1 Introduction

Although Japanese robot technology is high level on a worldwide scale, many problems became clear in an accident of a nuclear power plant. For example, advanced moving system which could locomote on uneven surface or autonomous control system which could return in the case of communication is intercepted. In these extreme situations, foreign-made robot was ahead of domestically made robot. However, it is difficult to locomote on uneven surface because most robots use the crawler-type or wheel-type moving system. Recently, biomimetic technologies which imitate the advanced moving system and autonomous control system of the living organisms have applied to robot systems [14]. In particular, many types of multi-legged robot had been proposed because multi-legged robot could easily locomote on uneven surface compared with crawler-type or wheel-type robot [5, 6]. In addition, to utilize the robot more effectively, robot control required more complicated and advanced technique. Programmed control by a digital system based on microcontroller has been the dominant system among the robot control [5, 7]. However, it is difficult to program the complicate autonomous operation to the microcontroller because of memory capacity. Therefore, some studies about artificial neural networks have been paid attention for applying to the robot control [810].

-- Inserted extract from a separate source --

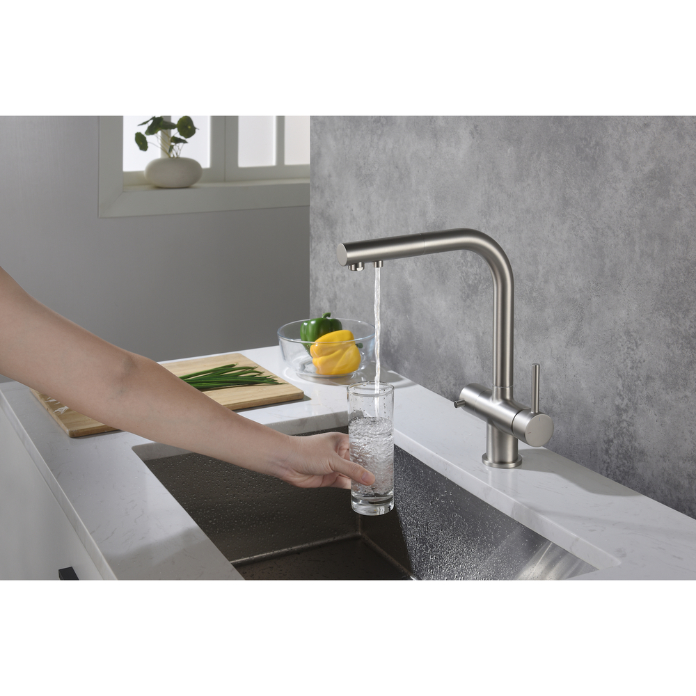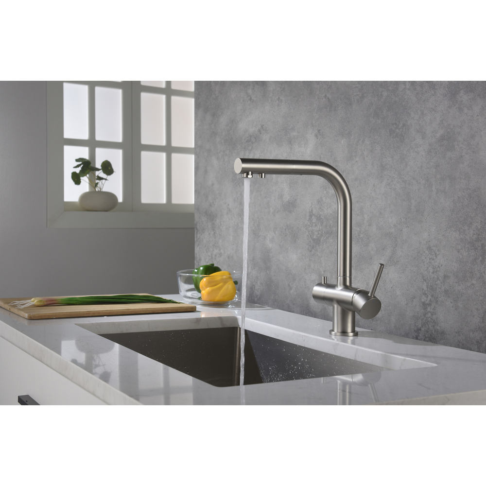 Цвет "матовый никель" является новым фаворитом для многих дизайнеров интерьеров. Этот цвет универсален, подходит практически для любой ванной комнаты или кухни.Смеситель Timo Saona 2356 с выдвижной лейкой и системой подключения фильтрованной воды относится к премиальному сегменту, предназначен для монтажа на кухонную мойку или столешницу. Высокий излив подходит для моек с двумя чашами, а также позволяет справляться с мытьем габаритной посуды. Удобное (вертикальное) расположение рычага смесителя в крайнем положении "холодный старт", позволяет не задевать ручкой за стеновые панели, фартук, предметы, которые находятся за смесителем. Картридж с функцией "холодный старт" работает в диапазоне 90 градусов, рычаг установленный в исходное положение (вертикально) при открытии подает только холодную воду, а не 50% холодной воды плюс 50% горячей, позволяя экономить до 30% расход горячей воды. Для подачи горячей воды необходимо повернуть рычаг на себя. Выдвижная лейка с прочным шлангом длинной 400мм облегчает мытье раковины, крупной посуды, позволяет набрать воду в емкость, стоящую рядом с мойкой. Встроенный магнитный держать позволяет легко вернуть лейку в исходное положение. В нижней части смесителя установлена трубка с адаптером для соединения с трубкой фильтра. Подача фильтрованной воды осуществляется поворотом ручки дивертора расположенной слева на корпусе смесителя. Сложностей монтажа не возникает при установке смесителя опытным сантехником. Внимательно изучите инструкцию по монтажу и эксплуатации.Цвет "матовый никель" прост в уходе, не оставляет отпечатков пальцев и разводы от воды.

We are studying about pulse-type hardware neural networks (P-HNN) for the purpose of applying to the autonomous control system of the robot. P-HNN consists of cell body models and synaptic models which is analog electric circuit [11, 12]. Cell body models and synaptic models have same basic features of biological neurons such as threshold, refractory period, spatio-temporal summation characteristics, and enable the generation of a continuous action potentials. Our target is constructing the autonomous control system of the quadruped robot without using computer programs. Therefore, it is necessary to construct the locomotion generator using P-HNN which could generate the locomotion rhythms without using computer programs.

In this paper, P-HNN which can generate the locomotion rhythms for quadruped robot was proposed. Locomotion rhythms were generated using synchronization phenomena of cell body models. Firstly, mechanical components of quadruped robot were shown. Secondly, we will show the basic components of P-HNN. Thirdly, we discuss about locomotion rhythm generation using P-HNN. Finally, quadruped locomotion of the robot which was controlled by the P-HNN was shown. P-HNN could generate the locomotion rhythms of the quadruped robot without using any computer programs.

2 Mechanical components of the quadruped robot

We constructed the 100, 125, 80 mm, width, length, height in size miniaturized quadruped robot system (Fig. 1). The weight of the robot system was 530 g. The quadruped robot consisted of the mechanical components and the electrical components. The mechanical components of quadruped robot consist of body frame, 4 servo motors, link mechanisms and 4 legs. 4 legs consisted by the link mechanisms and each legs used exactly same parts such as shown in Fig. 2 (Rod A, B, C, D, E, and F). The electrical components of quadruped robot consist of control board, P-HNN and battery. P-HNN was mounted to the flame retardant type 4 (FR4) circuit board. Our proposed quadruped robot cannot change the moving direction.

Fig. 1
figure 1

Constructed quadruped robot system

Fig. 2
figure 2

Mechanical parts of quadruped robot

Figure 2 shows the mechanical parts of the quadruped robot. Mechanical parts were made from aluminum base alloy 2017 and 5052. We used the aluminum base alloy 5052 for body frame and aluminum base alloy 2017 for other mechanical parts. The mechanical parts were machined by the computerized numerical control (CNC) machining system. Rod A, B, C, D, E, and F were components of link mechanisms which could assemble the single leg.

Quadruped robot system has only 4 servomotors to actuate 4 legs. Therefore, the movements to generate the locomotion of each leg were realized using link mechanisms. In this paper, we used the servomotor HSR-8498HB (Hitec Multiplex Japan) because the maximum torque was enough to actuate our quadruped robot.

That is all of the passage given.